## Requirement
Copy nothing but the lines running from the one containing "Downtown Umea, Sweden" through the end of the listing below. Drop the pictures.

## Collected data
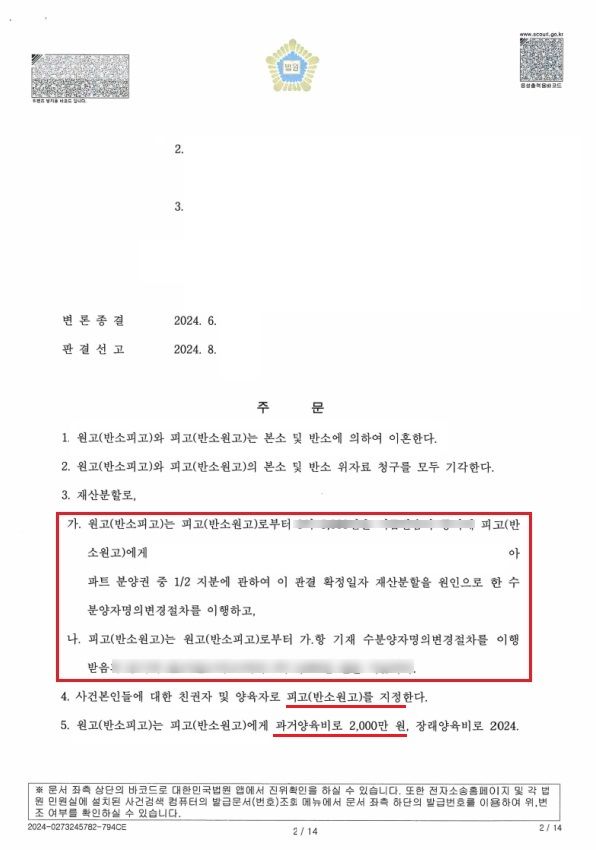 양육권 및 재산분할(분양권 포함) 승소 사안입니다.
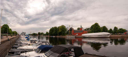 Downtown Umea, Sweden and its river with a cloudy sky.
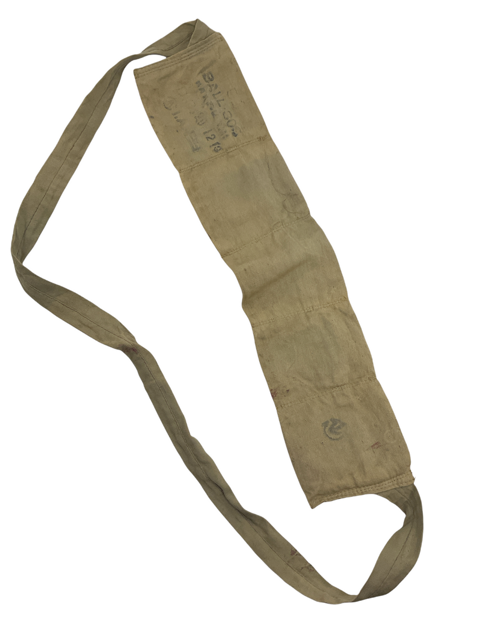 The WW1 Canadian CEF Cloth .303 Bandolier 2 is a historic military artifact from the First World War, specifically utilized by the Canadian Expeditionary Force (CEF). Constructed from durable cloth, this bandolier was designed to hold .303 caliber rifle ammunition, crucial for the soldiers on the front lines. The bandolier features multiple pouches, each capable of securely carrying several rounds, ensuring that troops had quick and easy access to their ammunition during combat. The design not only highlights the practical needs of the time but also reflects the resourcefulness and resilience of the Canadian forces. As a collectible, it offers a tangible connection to the bravery and sacrifices of those who served, providing a poignant reminder of the rich military heritage and the pivotal role Canada played in the Great War. This artifact is of great interest to historians, collectors, and anyone fascinated by military history.

## Solution
 Downtown Umea, Sweden and its river with a cloudy sky.
 The WW1 Canadian CEF Cloth .303 Bandolier 2 is a historic military artifact from the First World War, specifically utilized by the Canadian Expeditionary Force (CEF). Constructed from durable cloth, this bandolier was designed to hold .303 caliber rifle ammunition, crucial for the soldiers on the front lines. The bandolier features multiple pouches, each capable of securely carrying several rounds, ensuring that troops had quick and easy access to their ammunition during combat. The design not only highlights the practical needs of the time but also reflects the resourcefulness and resilience of the Canadian forces. As a collectible, it offers a tangible connection to the bravery and sacrifices of those who served, providing a poignant reminder of the rich military heritage and the pivotal role Canada played in the Great War. This artifact is of great interest to historians, collectors, and anyone fascinated by military history.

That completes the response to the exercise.